2. Inferencial statistics = toetsende analyse
Interval/ratio variabele
Acties in SPSS: Analyze compare means one sample t-test. Vergelijking van twee groepen:
H0: twee groepen verschillen niet van elkaar (status quo).
Ha: groepen verschillen van elkaar
Categorische variabele
Acties in SPSS: Analyze non-paraetric tests legacy dialogs chi-square Variabele
invullen all cateogires equal (is het anders, dan vul je values in het blokjes)
SPSS laat een tabel met geobserveerde aantallen en verwachte aantallen (= wat je verwacht in het
databestand) zien. Je gaat het verschil bepalen van beide. Formule: geobserveerde frequentie (FO)
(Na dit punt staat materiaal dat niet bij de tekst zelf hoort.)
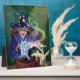 If you love magic, you'll love this fun Magic Act painting, Magic abounds in this whimsical piece of art digitally painted by our talented children's illustrator, Traci Van Wagoner, featuring a girl magician wearing a blue robe and a blue hat with stars and moons, pulling three multi colour rabbits out of a black hat with her magic wand.
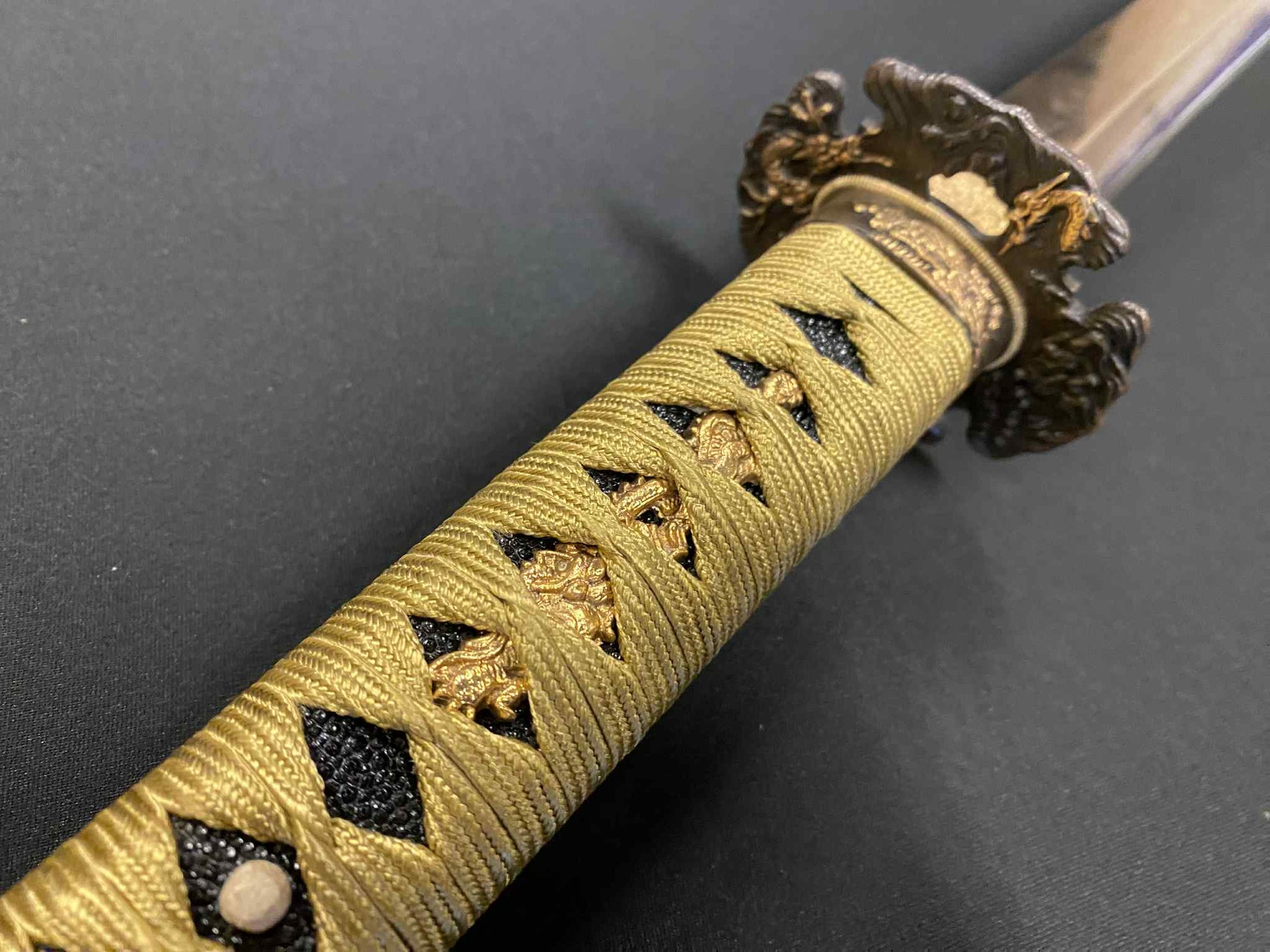 Handle material: Hardwood with genuine black rayskin, gold natural silk Ito

– verwachte frequentie (FE) = verschil. Basisgedachte: als de verhouding klein is, dan lijkt de
steekproef op de populatie. Hoe meer ze uitwijken, dan is er een groot verschil tussen steekproef en
populatie. Met een negatieve waarde kwadrateer je de getallen. Formule is: Fo – Fe / Fe. Je krijgt
dan de gi-kwadraat waarde.
Bij de tweede manier werken we met een alpha van .30. Bij een alpha van .05 wil je voorkomen dat je
een type 1 fout maakt = de H0 hypothese onterecht verwerpen. Dit is bij een standaardtoetsing aan de
hand.
Bij de representativiteittoets wil je juist niet te snel besluiten dat de verdeling in de steekproef bij
representativiteit overeenkomt bij de verdeling in de populatie. Hier wil je niet te snel H0 onterecht
accepteren. Het maken van een type 2 fout is belangrijk. Type 2 fout = beta. Dit weet je vaak niet.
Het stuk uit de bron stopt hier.